I come from a large family. My parents, who came from Saskatchewan, had 16 siblings between them; my first cousins number somewhere north of thirty, not even counting the quasi-adoptees and step-relations large families attract. Most of this horde crossed the border into Alberta at some point, although some have retreated to the new, enterprising post-socialist Saskatchewan. Nearly all of my parents’ brothers and sisters with jobs outside the home had ones intimately related to oil: they were mechanics or toolpushes or drilling consultants. But as time goes by, the group seems to be drifting, subtly, further and further from wellheads and pipelines. Some are nurses or carpenters. One owns a hardware store. I write fancy nonsense like this for a living. My sister works at the public library. There’s even an artist.
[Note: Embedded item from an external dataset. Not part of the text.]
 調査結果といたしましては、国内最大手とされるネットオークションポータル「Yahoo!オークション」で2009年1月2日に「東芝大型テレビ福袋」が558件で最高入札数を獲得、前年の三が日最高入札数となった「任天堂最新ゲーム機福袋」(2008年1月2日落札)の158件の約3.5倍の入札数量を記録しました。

Many of us have no immediate need to check the price of oil every day, though we still do.

A society whose distance from and dependence on traditional oil production – a winner-take-all line of business, a business that breathes risk and exhales hard cash – can be expected to change in other ways. Alberta, since Leduc No. 1 came in in 1947, has attracted a self-selected, constantly in-flowing group of people looking to, in one way or another, profit from a resource frontier. That has given us a utilitarian political heritage, a mindset favourable to small government and the paramount status of economic competitiveness.
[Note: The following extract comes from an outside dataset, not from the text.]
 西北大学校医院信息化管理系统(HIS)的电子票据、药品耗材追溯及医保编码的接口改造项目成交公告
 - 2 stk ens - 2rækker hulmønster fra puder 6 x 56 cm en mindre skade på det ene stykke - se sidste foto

But now we see social concerns becoming more prominent on the political agenda. An argument over “gay-straight alliances” in public schools was, rather quietly, one of the major political explosions of 2014 in Alberta; it played an underappreciated role in breaking up the Wildrose Party, reconfiguring the legislature, and perhaps forcing the governing PCs to adopt an entirely new electoral strategy – for they are certainly not running on the “right” anymore. In the past, could a liberal wedge issue have created such disorder in Alberta politics?
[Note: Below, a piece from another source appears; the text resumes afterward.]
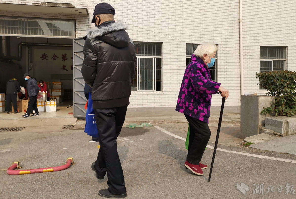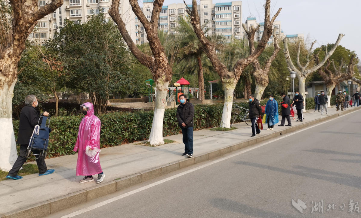 2月24日,武汉市一小区,居民在排队取菜。(湖北日报全媒记者 周立新 摄)
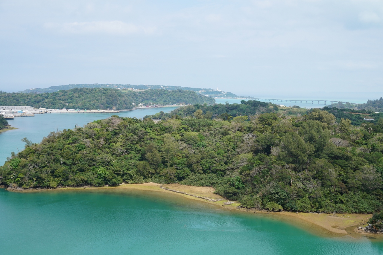 2010年に開通した屋我地島と本部半島との間のワルミ海峡に架かる橋です。橋の上からはワルミ海峡、ヤンバルの景色、遠くには古宇利大橋、古宇利タワーまでが一望できます。ワルミ海峡は前日の雨の影響か緑色でした。

I have long thought the more settled societies of the East had a different politics from ours simply because they were, as a matter of simple fact, more settled. Quebec and Newfoundland are, by any reasonable definition, nations; Nova Scotia is, if not quite a nation, then an extended family. These are places where you might live a few miles from where your great-great-grandfather is buried, and where you might vote for the same party he did, perhaps under a different name.

It is natural in those places for government to take on the form and values of a family—to prioritize welfare over competitiveness; to be suspicious of inequality; to sacrifice economic growth, as families do every day, for comfort. It is more natural for Quebec to consider the interests of posterity when regulating natural-resource development than it is for Alberta. The Quebecois are a distinct variety of humankind in a way “Albertans” are not.

But maybe the Prentice budget is a sign that we are “settling” – evolving to become more like those Eastern societies whose voting patterns have heretofore been mysterious and vexing to us. The Prentice budget, in departing from flat taxation, practically announced that we are to have social classes now: that the poor are not to think of themselves as the rich-to-be, but as claimants on the rich. The price of economic diversification is that Albertans will no longer think of themselves as united in one grand economic project. Surely a new social order, more like those of our neighbours, almost cannot help emerging. I mourn, knowing nothing can last forever: it was all, as Kipling foretold, valiant dust that builds on dust.

~

Colby Cosh is a columnist for Maclean’s Magazine.